Your task is to repeat the entries underneath exactly, minus the pictures.

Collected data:
Segment Open
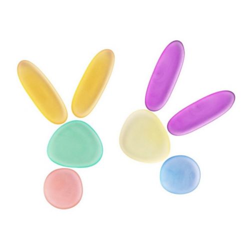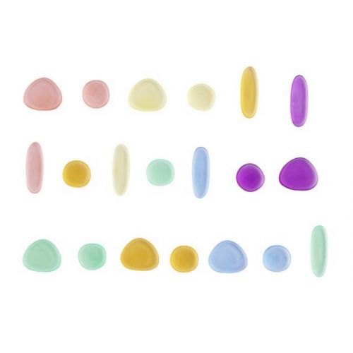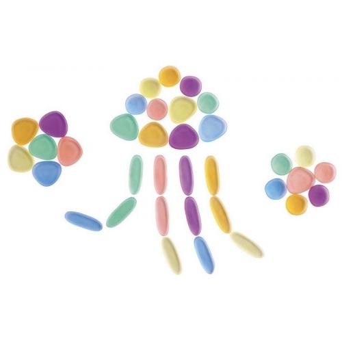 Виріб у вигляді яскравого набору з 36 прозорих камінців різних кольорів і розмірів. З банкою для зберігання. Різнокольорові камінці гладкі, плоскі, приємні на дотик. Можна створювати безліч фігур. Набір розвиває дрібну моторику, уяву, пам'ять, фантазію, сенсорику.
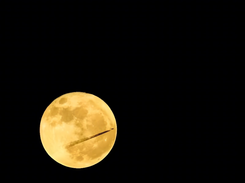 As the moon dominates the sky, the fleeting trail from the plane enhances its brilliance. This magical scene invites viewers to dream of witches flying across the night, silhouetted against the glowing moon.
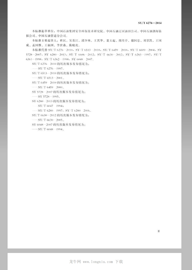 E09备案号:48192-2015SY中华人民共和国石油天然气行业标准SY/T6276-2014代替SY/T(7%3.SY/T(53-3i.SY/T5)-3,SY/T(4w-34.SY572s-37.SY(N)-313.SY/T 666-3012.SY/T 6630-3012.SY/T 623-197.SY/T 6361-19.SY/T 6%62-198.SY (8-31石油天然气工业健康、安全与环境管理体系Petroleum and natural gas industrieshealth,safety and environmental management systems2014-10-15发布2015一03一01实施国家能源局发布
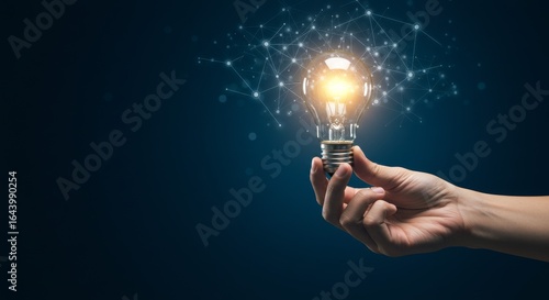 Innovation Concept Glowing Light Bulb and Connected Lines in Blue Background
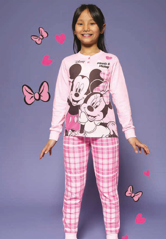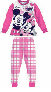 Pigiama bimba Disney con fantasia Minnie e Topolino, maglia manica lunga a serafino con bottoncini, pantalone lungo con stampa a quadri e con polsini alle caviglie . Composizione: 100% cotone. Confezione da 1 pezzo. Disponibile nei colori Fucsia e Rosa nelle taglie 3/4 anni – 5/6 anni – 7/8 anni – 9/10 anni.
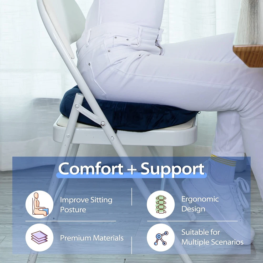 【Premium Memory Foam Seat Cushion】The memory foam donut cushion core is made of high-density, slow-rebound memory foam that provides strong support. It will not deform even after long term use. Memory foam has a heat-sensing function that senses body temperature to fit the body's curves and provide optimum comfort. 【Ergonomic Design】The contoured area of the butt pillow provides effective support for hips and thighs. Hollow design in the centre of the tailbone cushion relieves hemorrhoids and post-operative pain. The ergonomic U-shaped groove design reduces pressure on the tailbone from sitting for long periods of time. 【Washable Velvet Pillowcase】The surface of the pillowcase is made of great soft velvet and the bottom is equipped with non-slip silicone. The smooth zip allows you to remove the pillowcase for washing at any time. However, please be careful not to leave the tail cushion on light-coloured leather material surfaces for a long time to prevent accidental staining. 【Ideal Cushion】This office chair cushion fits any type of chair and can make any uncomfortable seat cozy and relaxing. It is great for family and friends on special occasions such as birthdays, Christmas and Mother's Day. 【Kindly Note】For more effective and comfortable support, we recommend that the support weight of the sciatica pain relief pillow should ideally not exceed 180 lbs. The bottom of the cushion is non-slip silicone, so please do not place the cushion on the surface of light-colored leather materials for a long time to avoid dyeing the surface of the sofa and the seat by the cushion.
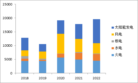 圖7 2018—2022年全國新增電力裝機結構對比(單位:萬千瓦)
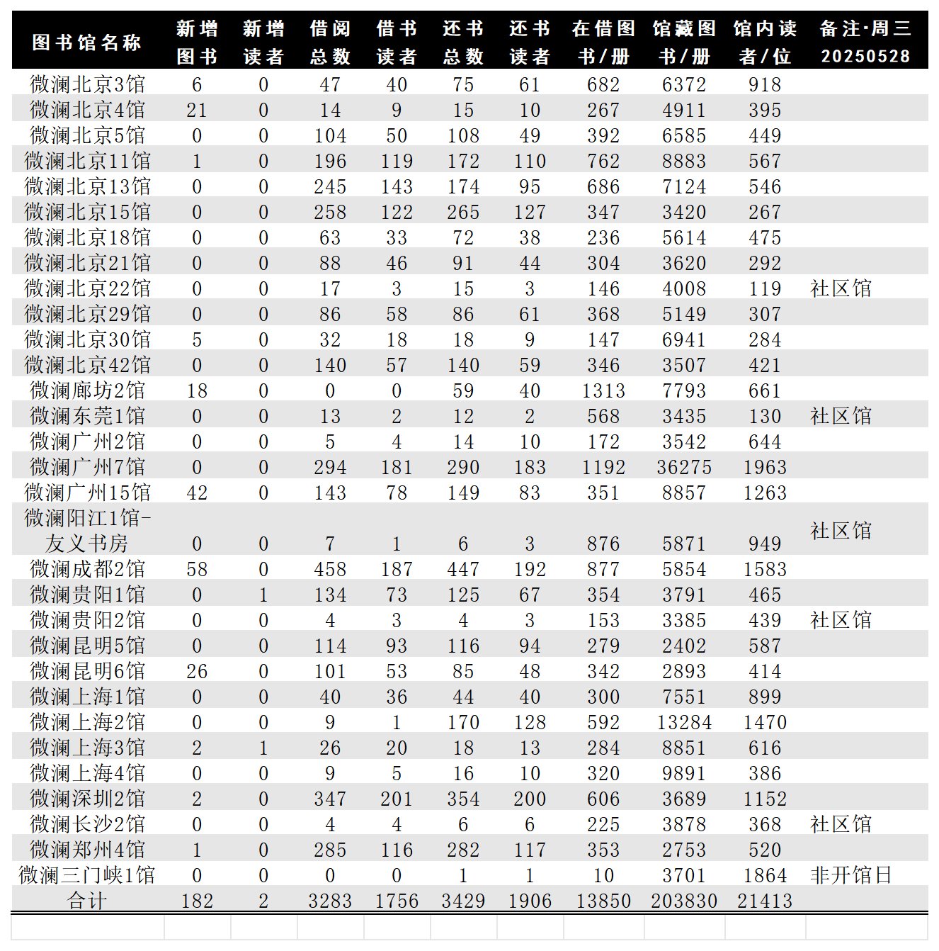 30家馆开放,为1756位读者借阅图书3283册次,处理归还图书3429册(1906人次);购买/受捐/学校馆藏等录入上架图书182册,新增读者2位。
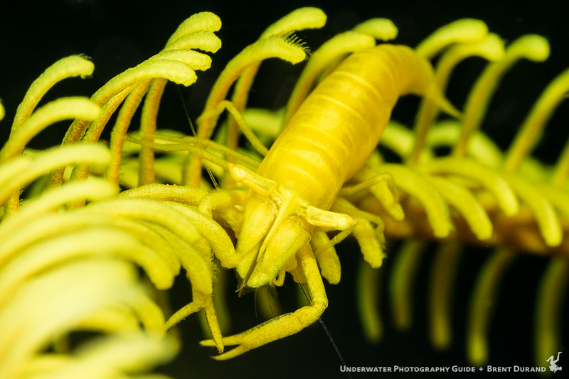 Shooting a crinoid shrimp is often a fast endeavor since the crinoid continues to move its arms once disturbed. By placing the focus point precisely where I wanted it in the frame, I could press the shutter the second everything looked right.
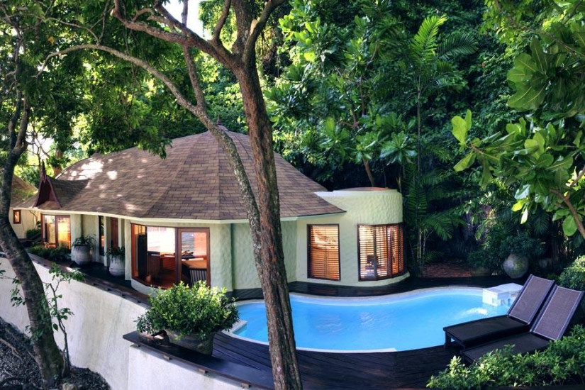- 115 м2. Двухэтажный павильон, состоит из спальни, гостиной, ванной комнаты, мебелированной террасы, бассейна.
Segment Closed
■ **Exercise solution**
 Виріб у вигляді яскравого набору з 36 прозорих камінців різних кольорів і розмірів. З банкою для зберігання. Різнокольорові камінці гладкі, плоскі, приємні на дотик. Можна створювати безліч фігур. Набір розвиває дрібну моторику, уяву, пам'ять, фантазію, сенсорику.
 As the moon dominates the sky, the fleeting trail from the plane enhances its brilliance. This magical scene invites viewers to dream of witches flying across the night, silhouetted against the glowing moon.
 E09备案号:48192-2015SY中华人民共和国石油天然气行业标准SY/T6276-2014代替SY/T(7%3.SY/T(53-3i.SY/T5)-3,SY/T(4w-34.SY572s-37.SY(N)-313.SY/T 666-3012.SY/T 6630-3012.SY/T 623-197.SY/T 6361-19.SY/T 6%62-198.SY (8-31石油天然气工业健康、安全与环境管理体系Petroleum and natural gas industrieshealth,safety and environmental management systems2014-10-15发布2015一03一01实施国家能源局发布
 Innovation Concept Glowing Light Bulb and Connected Lines in Blue Background
 Pigiama bimba Disney con fantasia Minnie e Topolino, maglia manica lunga a serafino con bottoncini, pantalone lungo con stampa a quadri e con polsini alle caviglie . Composizione: 100% cotone. Confezione da 1 pezzo. Disponibile nei colori Fucsia e Rosa nelle taglie 3/4 anni – 5/6 anni – 7/8 anni – 9/10 anni.
 【Premium Memory Foam Seat Cushion】The memory foam donut cushion core is made of high-density, slow-rebound memory foam that provides strong support. It will not deform even after long term use. Memory foam has a heat-sensing function that senses body temperature to fit the body's curves and provide optimum comfort. 【Ergonomic Design】The contoured area of the butt pillow provides effective support for hips and thighs. Hollow design in the centre of the tailbone cushion relieves hemorrhoids and post-operative pain. The ergonomic U-shaped groove design reduces pressure on the tailbone from sitting for long periods of time. 【Washable Velvet Pillowcase】The surface of the pillowcase is made of great soft velvet and the bottom is equipped with non-slip silicone. The smooth zip allows you to remove the pillowcase for washing at any time. However, please be careful not to leave the tail cushion on light-coloured leather material surfaces for a long time to prevent accidental staining. 【Ideal Cushion】This office chair cushion fits any type of chair and can make any uncomfortable seat cozy and relaxing. It is great for family and friends on special occasions such as birthdays, Christmas and Mother's Day. 【Kindly Note】For more effective and comfortable support, we recommend that the support weight of the sciatica pain relief pillow should ideally not exceed 180 lbs. The bottom of the cushion is non-slip silicone, so please do not place the cushion on the surface of light-colored leather materials for a long time to avoid dyeing the surface of the sofa and the seat by the cushion.
 圖7 2018—2022年全國新增電力裝機結構對比(單位:萬千瓦)
 30家馆开放,为1756位读者借阅图书3283册次,处理归还图书3429册(1906人次);购买/受捐/学校馆藏等录入上架图书182册,新增读者2位。
 Shooting a crinoid shrimp is often a fast endeavor since the crinoid continues to move its arms once disturbed. By placing the focus point precisely where I wanted it in the frame, I could press the shutter the second everything looked right.
- 115 м2. Двухэтажный павильон, состоит из спальни, гостиной, ванной комнаты, мебелированной террасы, бассейна.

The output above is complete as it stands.